Il mio supervisore diretto è stato incredibilmente comprensivo e compassionevole, così come i miei colleghi e gli altri membri del team, dice la Thompson. Sono contenta di averglielo detto perché molti di loro hanno condiviso le loro esperienze con il cancro ed è stato confortante ascoltare le loro storie".
I colleghi della Thompson hanno persino organizzato dei pasti per i giorni di chemio, aiutando così la sua famiglia. Ma non tutti hanno una situazione così favorevole.
Non l'ho detto a nessuno al lavoro
Mi è stato diagnosticato un cancro al seno nel dicembre 2015 e ho mantenuto il massimo riserbo", racconta Daphne Ortiz, pubblicista e proprietaria di una piccola società di pubbliche relazioni chiamata Statement PR a Chicago.
Ortiz ha deciso di non condividere la sua diagnosi con nessuno al lavoro. Non volevo che si preoccupassero e non volevo che pensassero che non fossi al top della forma, dice.
Non l'ha detto nemmeno ai suoi clienti.
Non volevo che pensassero che fossi così presa dal cancro da non poter prestare attenzione ai loro clienti", dice la Ortiz. Nel mio lavoro, se non sei in grado di fare il lavoro, ci sono tonnellate di altri fantastici pubblicisti che possono farlo".
Mantenere la privacy l'ha aiutata anche dal punto di vista personale.
Il lavoro era un buon posto per me per concentrarmi e per allontanare la paura di vivere con il cancro, dice Ortiz.
L'ha detto agli amici più stretti in altre parti della sua vita. Ma non al lavoro.
Avevo bisogno che le persone avessero una buona energia nei miei confronti per affrontare questo viaggio", dice. Mantenendo la riservatezza al lavoro, non ha dovuto affrontare alcun imbarazzo.
Sei anni dopo, dice che è stata la decisione giusta per lei.
Libro aperto
Sara Olsher ha scoperto di avere un tumore al seno quando era direttore marketing di Red Tricycle, una piccola start-up di Sausalito, California.
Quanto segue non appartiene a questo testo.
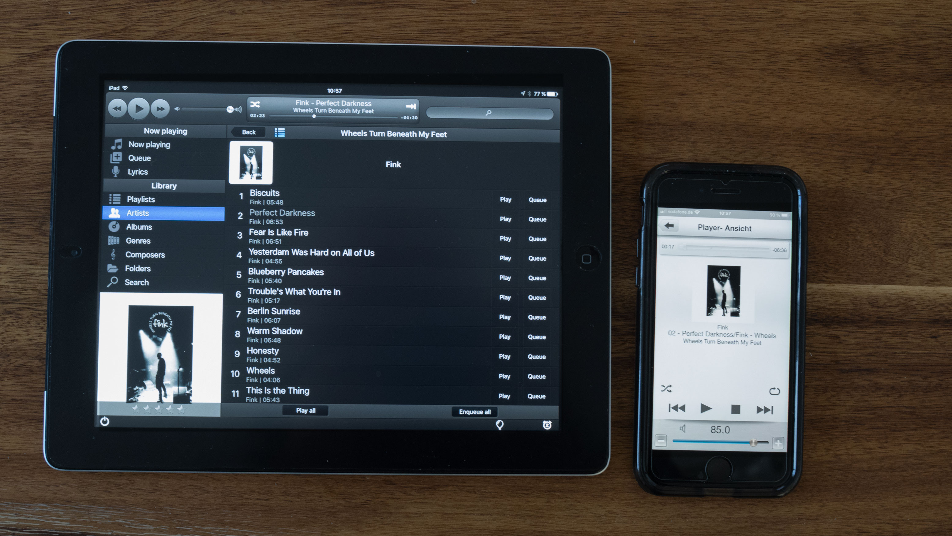Die Premium hing per Cinch-Kabel am Dac/Pre, Zuspieler ist ein Mini-PC mit Foobar. Die Bedienung erfolgte auf dem Pad über die Foobar-App "MonkeyMote".

Olsher aveva una storia familiare di cancro al seno ed era una sostenitrice degli screening precoci. Era molto aperta con il suo team di lavoro riguardo alla sua storia familiare e li aggiornava anche sui suoi screening.
Quando le è stato diagnosticato il tumore, Olsher lo ha detto subito al suo CEO. Mi sono sentita in imbarazzo, ma anche meno sola", racconta.
Il suo capo si è preoccupato e si è offerto di aiutarla. Le ha persino portato la spesa, perché non era sicura di cosa le servisse.
È stato così gentile. Ha significato molto per me, dice Olsher.
Ha detto anche ai suoi colleghi: "Facendo parte di un piccolo team, volevo condividere con gli altri quello che stava succedendo", dice.
Dopo l'intervento chirurgico, Olsher ha scoperto che il cancro si era diffuso e che avrebbe dovuto sottoporsi a chemioterapia. Il trattamento sarebbe durato un anno, quindi ha preso un congedo di invalidità.
Il mio capo ha coperto la mia assicurazione sanitaria per un periodo di tempo e ha creato un'altra posizione per me quando sono tornata al lavoro, anche se sicuramente non ero più la stessa di prima", dice, sottolineando che aveva problemi cognitivi e affaticamento.
Olsher dice che essere aperta al lavoro le ha permesso di evitare lo stress di preoccuparsi che le persone lo scoprissero. È stato anche necessario perché aveva bisogno di tempo lontano dal lavoro. Ma è una decisione personale, dice, e può dipendere dal team e dal capo.
Volevo dare l'esempio
Christina Steinorth-Powell, psicoterapeuta autorizzata a Nashville, lavora in proprio. Non aveva quindi colleghi a cui raccontare la sua diagnosi.
Ma ha deciso di dirlo ai suoi pazienti perché sapeva che avrebbero notato i cambiamenti del suo aspetto dovuti alla chemioterapia.
Onestamente non sentivo di avere scelta, dice. Per me era importante sapere la verità su ciò che mi stava accadendo, piuttosto che fare congetture".
Voleva anche essere un modello positivo per i suoi pazienti, per mostrare loro che è giusto ammettere di non poter fare tutto e prendersi del tempo per prendersi cura di sé.
Come terapeuta, Steinorth-Powell afferma che cercare di fare tutto senza il sostegno degli altri può essere un errore.
Non c'è premio per essere forti, dice.
Spesso è utile parlare della diagnosi al proprio capo e al team delle risorse umane. La maggior parte dei posti sono incredibilmente comprensivi e accomodanti quando sanno che avete bisogno di aiuto.
E ricordate, dice Steinorth-Powell, nessuno può aiutarvi se non gli fate sapere che avete bisogno di qualcosa.